Tuesday, November 10, 2015

David Sedaris’ Dress Your Family in Corduroy and Denim: A Book Review



David Sedaris’ Dress Your Family in Corduroy and Denim stands as another strong effort by the essayist. It rings of everything typically of Sedaris-humor: awkwardness, an honest examination of both reality and society, and of course and increasingly metatextual awareness generated by the fact that the author’s family is now well aware that they are fodder for his writing. Of course, even their fears have become material and their requests to be off the record put on open display.
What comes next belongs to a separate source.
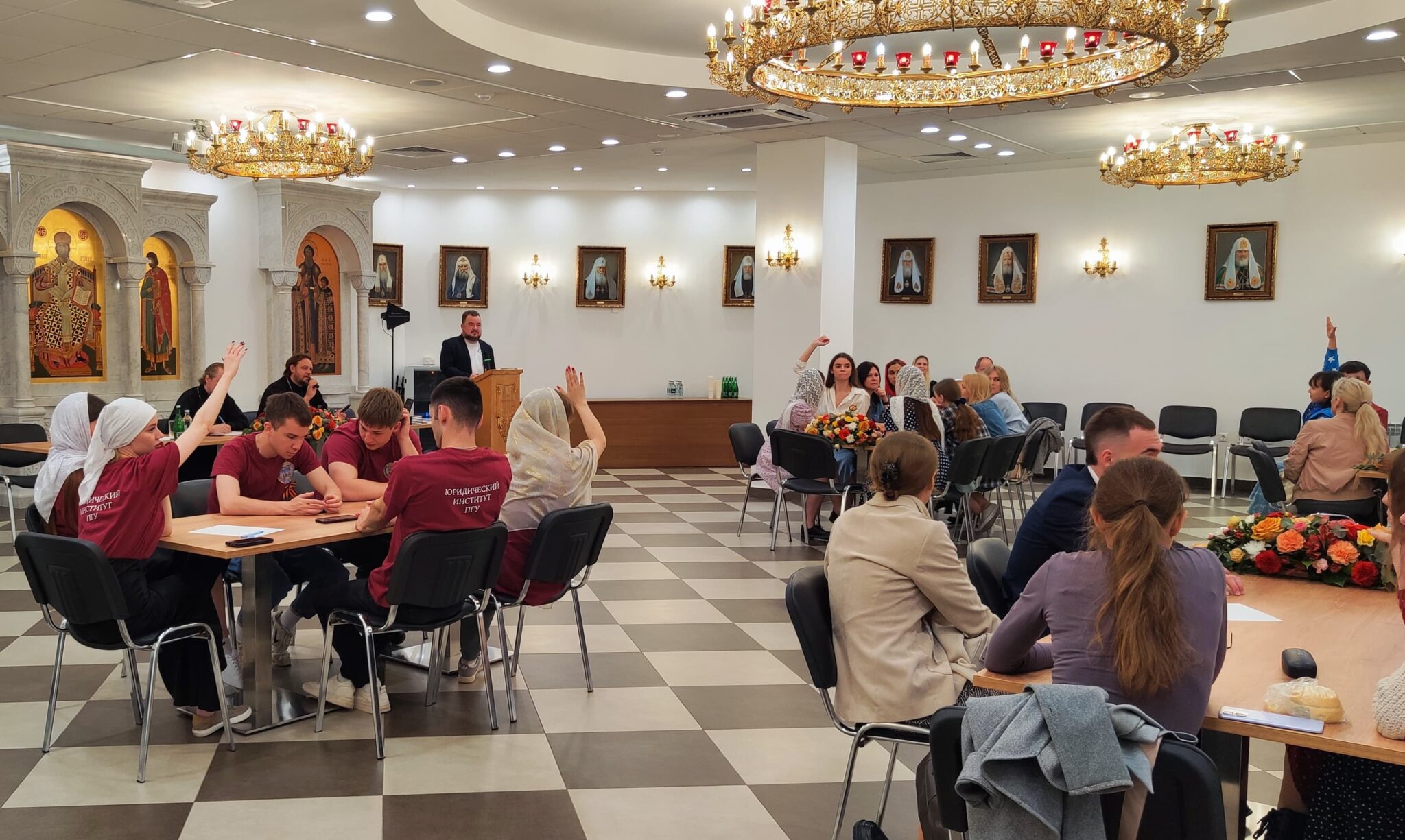 В конференц-зале кафедрального собора святого благоверного князя Александра Невского состоялась молодежная интеллектуальная игра брейн-ринг на тему «День славянской письменности» и практический семинар по церковнославянскому языку для участников брейн-ринга.

While the text is not innovative, and in my opinion as interesting as some of his other works, Sedaris has a way of turning the mundane into something interesting. How else could one enjoy hearing about running an apartment complex or the strange events of a biker wedding? Yet Sedaris makes menial landscaping and domicile upkeep sound fun while transforming his brother into a redneck alien that struggles to comprehend fatherhood. As always she strikes a balance, lingering in the general humanity of us all, finding our shared experiences. Everyone struggles with the kids, gets together with friends from high school or college in order to awkwardly reminisce, and deals with family oddities. It is here that Sedaris captures us, it is here that his constant reader returns.

For the newbies, give the text a shot, chuckle a bit, and expand your scope on the world while remembering that the human experience is just that, an experience.